### [Source records]
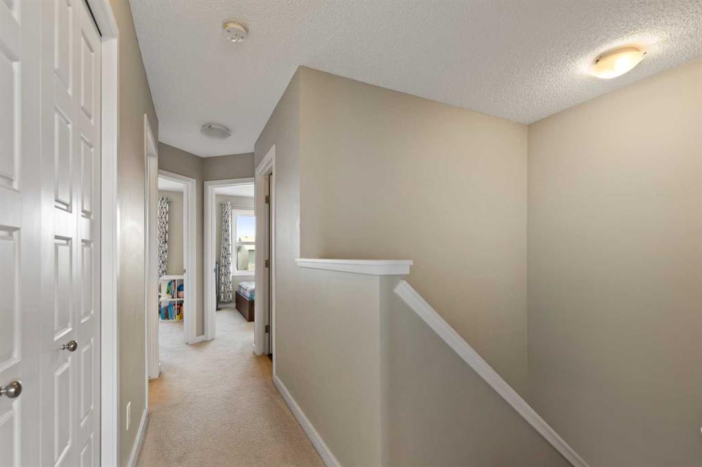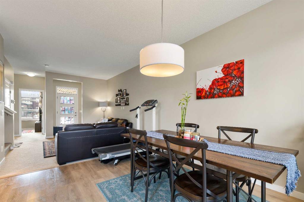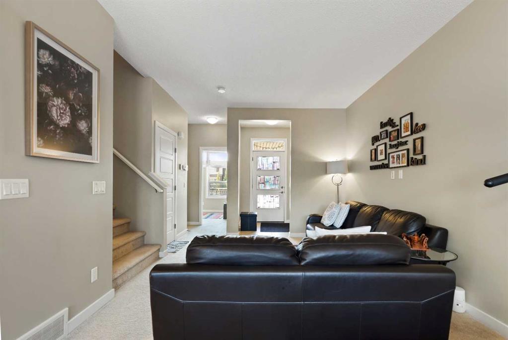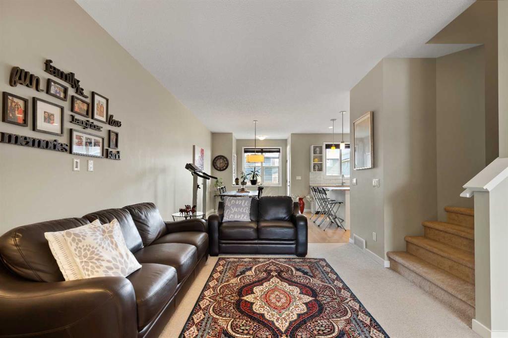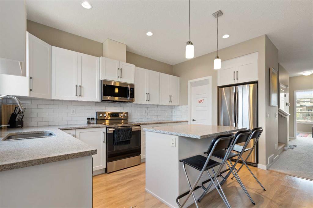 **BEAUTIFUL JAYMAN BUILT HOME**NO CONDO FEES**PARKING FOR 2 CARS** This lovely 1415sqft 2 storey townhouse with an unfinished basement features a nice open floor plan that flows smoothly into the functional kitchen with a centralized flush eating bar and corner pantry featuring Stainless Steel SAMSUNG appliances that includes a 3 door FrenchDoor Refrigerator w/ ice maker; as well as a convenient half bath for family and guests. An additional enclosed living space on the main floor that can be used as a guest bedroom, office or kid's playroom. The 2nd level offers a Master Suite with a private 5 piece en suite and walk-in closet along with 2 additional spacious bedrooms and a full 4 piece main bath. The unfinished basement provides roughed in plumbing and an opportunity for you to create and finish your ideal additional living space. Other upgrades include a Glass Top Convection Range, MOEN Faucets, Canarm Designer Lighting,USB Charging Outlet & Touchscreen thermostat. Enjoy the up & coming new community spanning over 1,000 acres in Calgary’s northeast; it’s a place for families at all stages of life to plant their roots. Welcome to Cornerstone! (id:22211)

==

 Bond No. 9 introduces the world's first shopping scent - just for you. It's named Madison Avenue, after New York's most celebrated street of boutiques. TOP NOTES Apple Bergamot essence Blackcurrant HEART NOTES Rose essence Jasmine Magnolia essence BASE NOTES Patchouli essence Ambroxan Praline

---

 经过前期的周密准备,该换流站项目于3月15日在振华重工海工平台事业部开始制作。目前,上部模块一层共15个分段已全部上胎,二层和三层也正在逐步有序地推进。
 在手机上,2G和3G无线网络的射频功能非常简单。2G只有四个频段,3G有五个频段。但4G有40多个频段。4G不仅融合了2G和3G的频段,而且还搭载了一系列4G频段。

### [Try it]
Write out exactly the lines above between the line with "经过前期的周密准备,该换流站" and the line with "在手机上,2G和3G无线网络", inclusive, and nothing beyond them.

### [Solution to this problem]
 经过前期的周密准备,该换流站项目于3月15日在振华重工海工平台事业部开始制作。目前,上部模块一层共15个分段已全部上胎,二层和三层也正在逐步有序地推进。
 在手机上,2G和3G无线网络的射频功能非常简单。2G只有四个频段,3G有五个频段。但4G有40多个频段。4G不仅融合了2G和3G的频段,而且还搭载了一系列4G频段。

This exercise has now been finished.